DATASET EXCERPT:

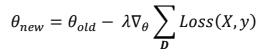 其中 D 是一个样本集合(mini-batch),θ 是所有参数的集合,λ 是学习率,Loss(X, y) 是某个损失函数在 D 中所有样本上的均值。
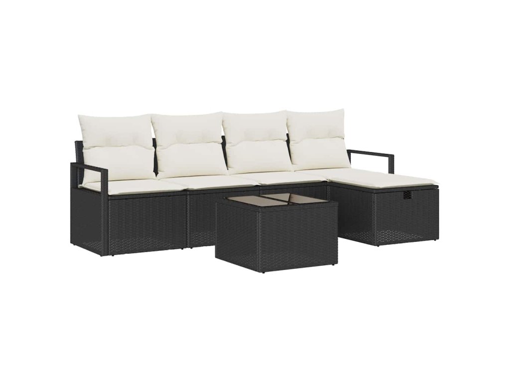 Set pohovek s polštářem 6 pcs Černá a krémová polyratan 3359166
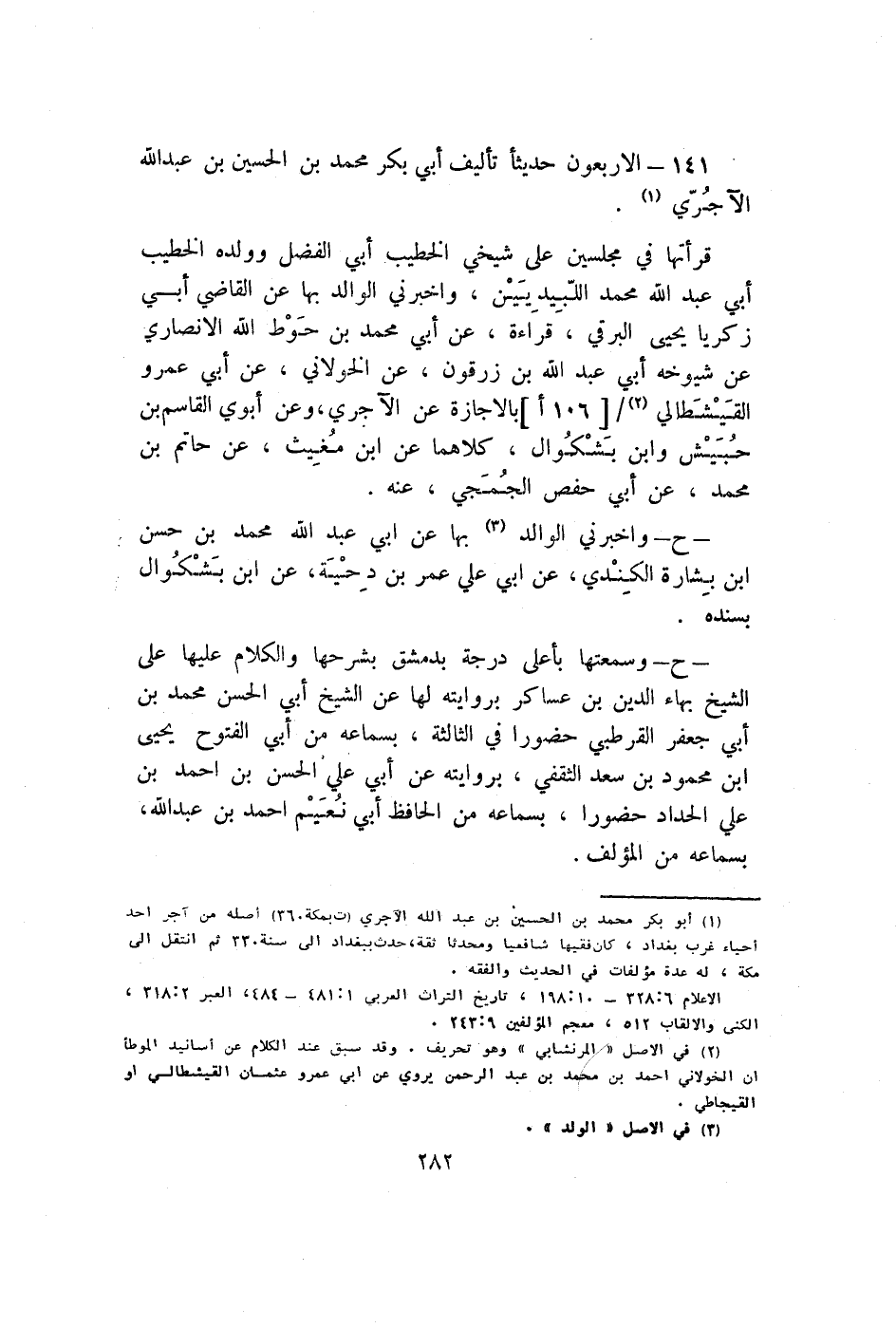 141 - الْأَرْبَعُونَ حَدِيثا تأليف ابي بكر مُحَمَّد بن الْحُسَيْن بن عبد الله الْآجُرِيّ

HOW TO COMPLETE THIS TASK:
The answer should match the material exactly, with every picture removed.

WRITTEN RESPONSE:
 其中 D 是一个样本集合(mini-batch),θ 是所有参数的集合,λ 是学习率,Loss(X, y) 是某个损失函数在 D 中所有样本上的均值。
 Set pohovek s polštářem 6 pcs Černá a krémová polyratan 3359166
 141 - الْأَرْبَعُونَ حَدِيثا تأليف ابي بكر مُحَمَّد بن الْحُسَيْن بن عبد الله الْآجُرِيّ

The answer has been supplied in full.